## [MATERIAL PROVIDED]
■ ■ ■ ■ ■
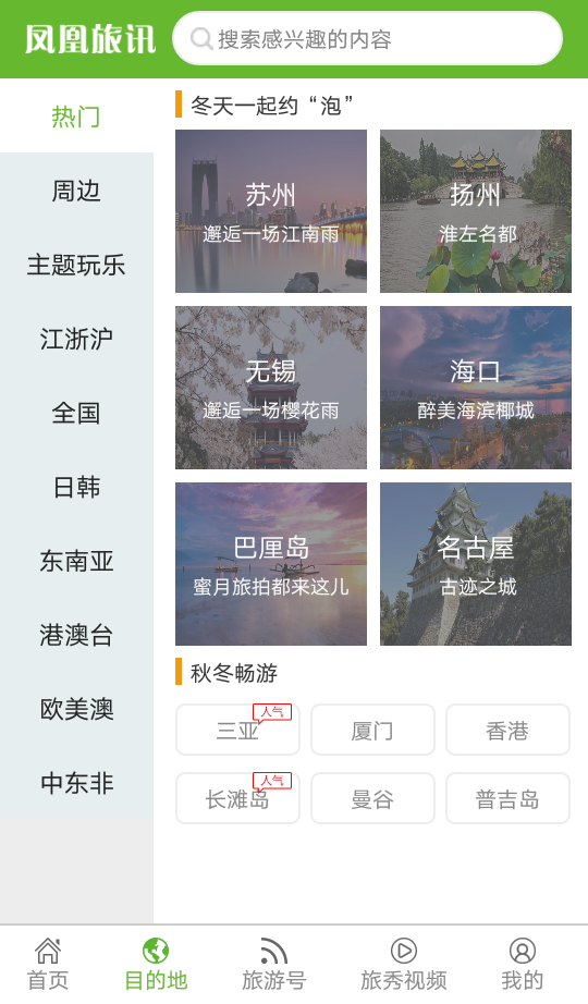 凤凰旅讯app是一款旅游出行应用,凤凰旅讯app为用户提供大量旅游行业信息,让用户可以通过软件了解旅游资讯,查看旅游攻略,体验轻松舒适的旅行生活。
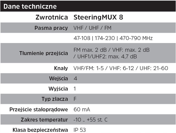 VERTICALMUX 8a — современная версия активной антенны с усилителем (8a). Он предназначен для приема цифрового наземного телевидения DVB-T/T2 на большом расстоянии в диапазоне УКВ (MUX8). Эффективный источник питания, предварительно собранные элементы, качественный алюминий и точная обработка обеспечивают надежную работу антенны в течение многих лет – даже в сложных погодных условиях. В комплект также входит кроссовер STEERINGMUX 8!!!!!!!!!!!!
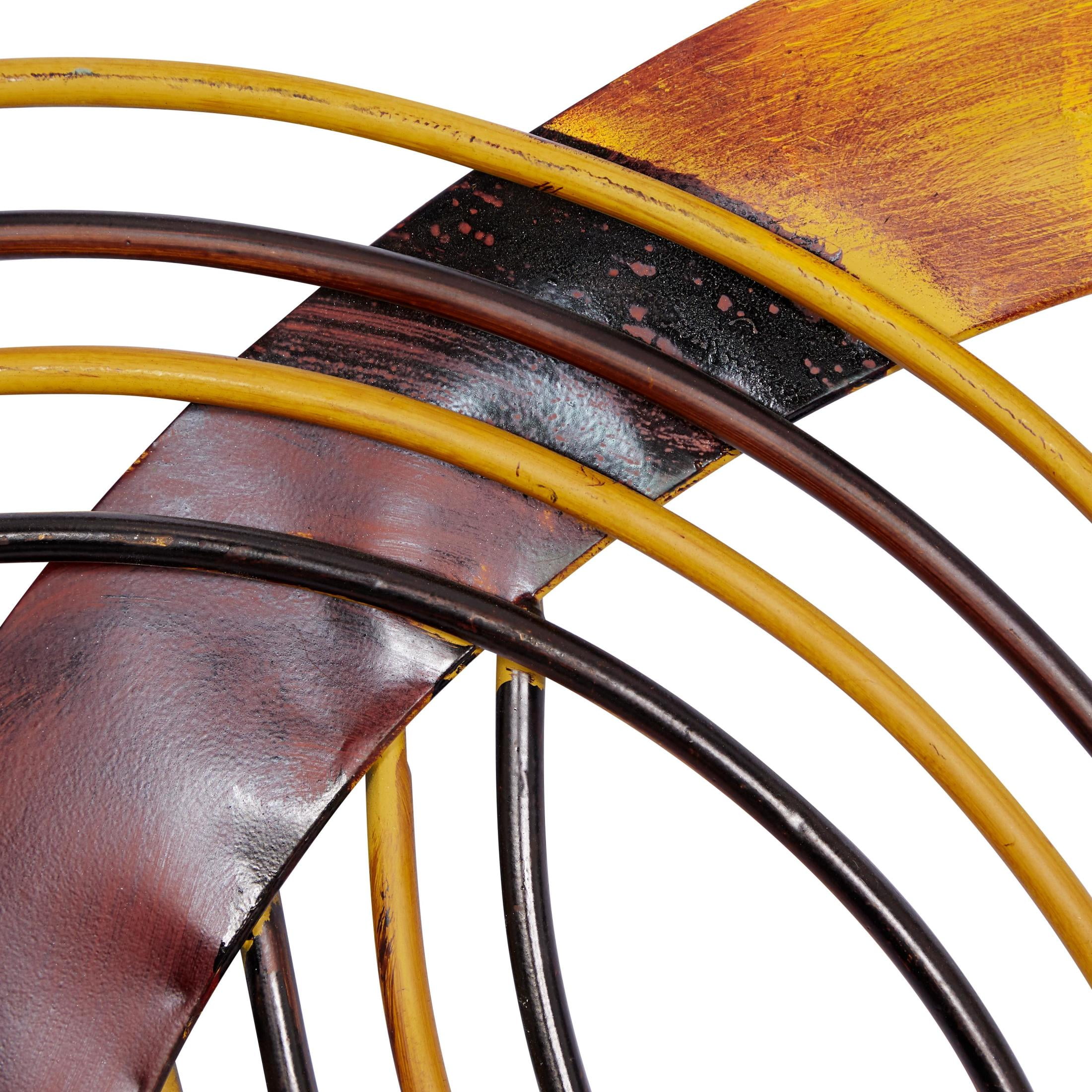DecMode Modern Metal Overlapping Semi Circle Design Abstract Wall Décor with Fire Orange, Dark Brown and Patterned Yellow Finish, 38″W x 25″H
■ ■ ■ ■ ■
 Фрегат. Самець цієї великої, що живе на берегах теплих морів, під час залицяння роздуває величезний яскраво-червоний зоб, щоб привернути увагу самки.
■ ■ ■ ■ ■
## [WHAT TO WORK ON]
Among the lines above, the one with "VERTICALMUX 8a —" opens the part to repeat and the one with "DecMode Modern Metal" closes it; repeat only that part exactly, with no pictures.

## [ANSWER BOX]
 VERTICALMUX 8a — современная версия активной антенны с усилителем (8a). Он предназначен для приема цифрового наземного телевидения DVB-T/T2 на большом расстоянии в диапазоне УКВ (MUX8). Эффективный источник питания, предварительно собранные элементы, качественный алюминий и точная обработка обеспечивают надежную работу антенны в течение многих лет – даже в сложных погодных условиях. В комплект также входит кроссовер STEERINGMUX 8!!!!!!!!!!!!
DecMode Modern Metal Overlapping Semi Circle Design Abstract Wall Décor with Fire Orange, Dark Brown and Patterned Yellow Finish, 38″W x 25″H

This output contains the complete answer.